I talked with 3 different employees at 2 different Petco stores. I was at Petco last night...they had eleven 40g breeder tanks(my favorite size)...hopefully at least one(maybe 2;-))will still be there when the sale starts.


----------



## Alex09 (Aug 9, 2010)

Dont you need to have one of their PALS cards though?


----------



## FloridaBettas239 (Jun 29, 2010)

I didn't have a pet card and I got a 20 long for 20.00 dollars and I was thinking about getting the 55 gallon for 55.00 dollars.
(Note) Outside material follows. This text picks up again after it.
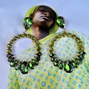 Σκουλαρίκια με κρύσταλλα και φτέρα Green II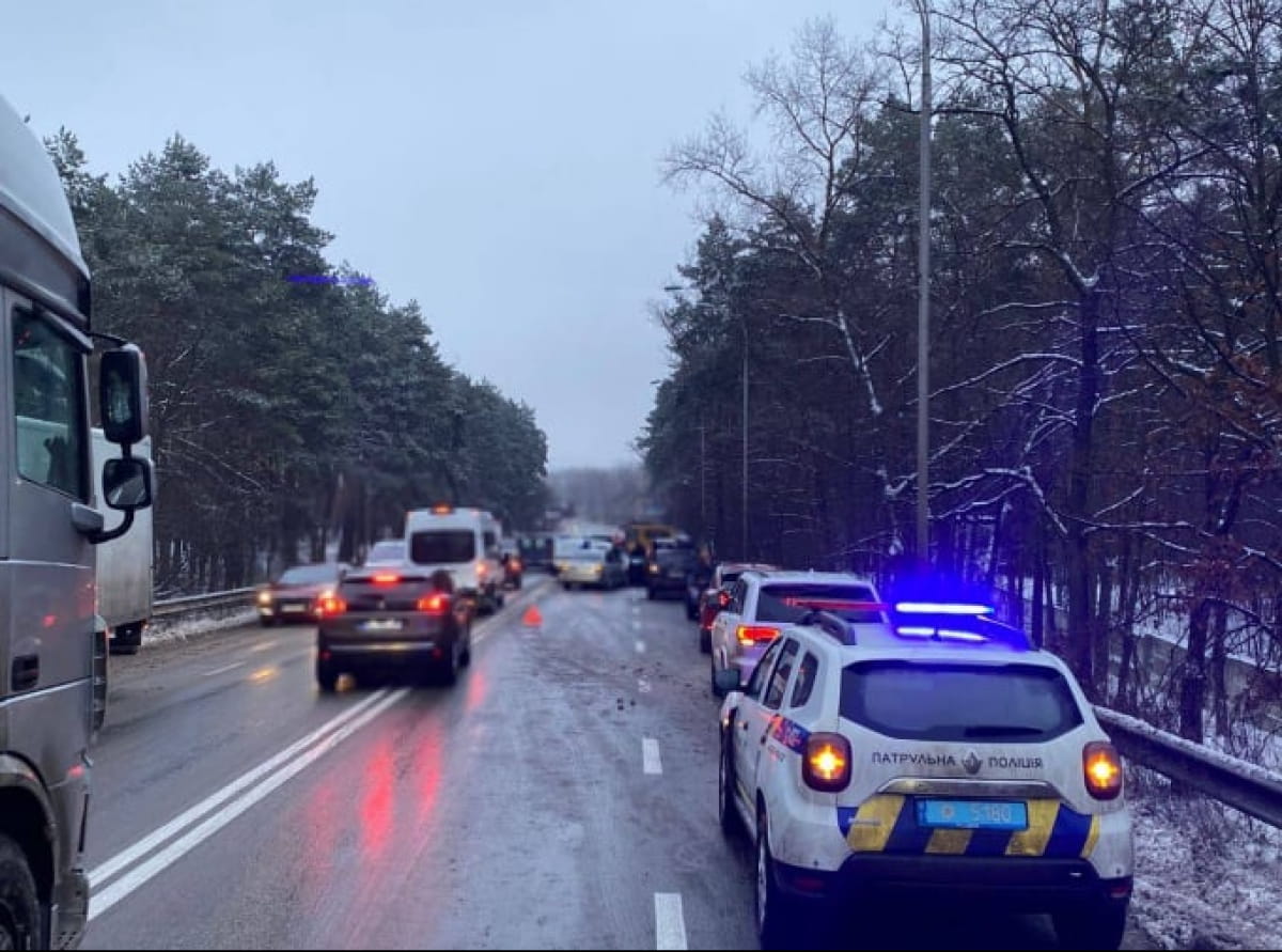 Утром 7 января под Киевом произошла масштабная авария с участием 13 автомобилей, из-за этого затруднено движение транспорта в сторону Вышгорода.

So my 55 gallon would be a new tank, but I just dont feel like switching everything over from my tank...


----------



## Jupiter (Aug 30, 2009)

Sigh...I really wish Petsmart had a sale like this! But then again, I have no room for another tank.


----------



## Duskdog (Sep 22, 2010)

Technically you do need a PALS card to get any sale price on anything at Petco, just like at Kroger, etc.... though if you don't have one, a lot of times the cashier will pull up a random card anyway, so if you got the sale price without having the card, that's probably why. (Like most stores that have "discount" cards, they keep track of what percentage of a cashier's customers use the card, and they can get in trouble for having low percentages, so that's why they do that sometimes.)
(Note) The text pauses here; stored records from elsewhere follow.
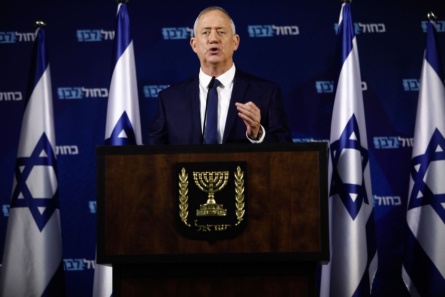 Israel's Blue and White party leader Benny Gantz speaks during a press conference in Tel Aviv, Israel, Jan. 25, 2020. Benny Gantz, the main political rival of Israeli Prime Minister Benjamin Netanyahu, announced on Saturday that he will meet U.S. President Donald Trump in Washington to discuss a Mideast peace plan. (JINI/Handout via Xinhua)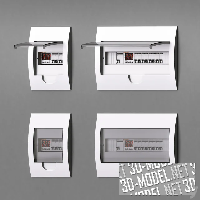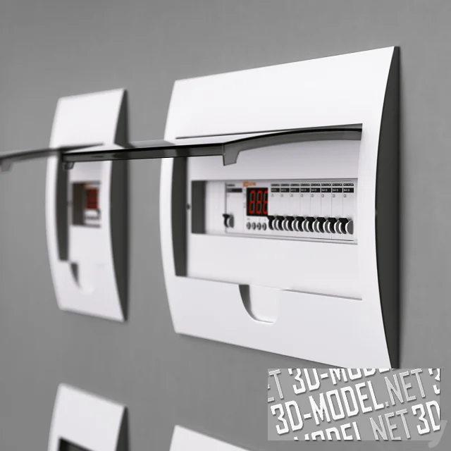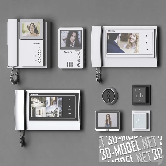 Комплект оборудования для видеонаблюдения, домофоны (наружные и внутренние блоки), термостаты и электрооборудование (щитки с автоматическими сетевыми выключателями). В наборе приборы в белых, серых и серебристых корпусах.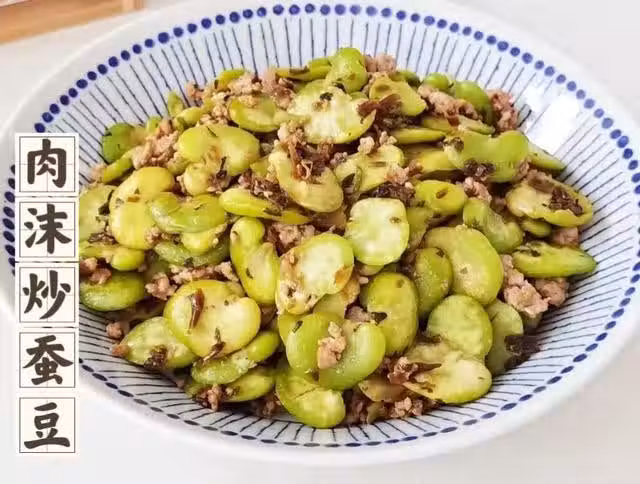 2.水開加入1小勺食鹽,放入蠶豆焯水2分鐘撈出鍋中倒入少許油,放入肉餡炒散。

Card's free, though, so it's no big deal to get one. They send out some pretty good coupons... 10% off your entire purchase is pretty common. If you shop at Petco a lot, it's worth it.

Hmm, maybe I can get that 20L I've been eyeing... of course, I'd need a stand for it, and the nice ones are never cheap enough for me. Maybe I'll peek around on Craigslist or hit up some yard sales to see if I can find one for it.


----------



## FloridaBettas239 (Jun 29, 2010)

Here is the 20 long I got from petco for 20.00 dollars,, I have been switching everything over from a 10 gal that had a spawn in it. So now they can be in the 20 long until I see the trouble makers and then I will split them up and leave the females in the 20 long. Plus now I got one of my 10 gallon tanks back now that I switched everything over, So I can start a new spawn... ;^)

















Here Is a picture,, One of the fry in the aquarium...














Starting to get some color in them....


----------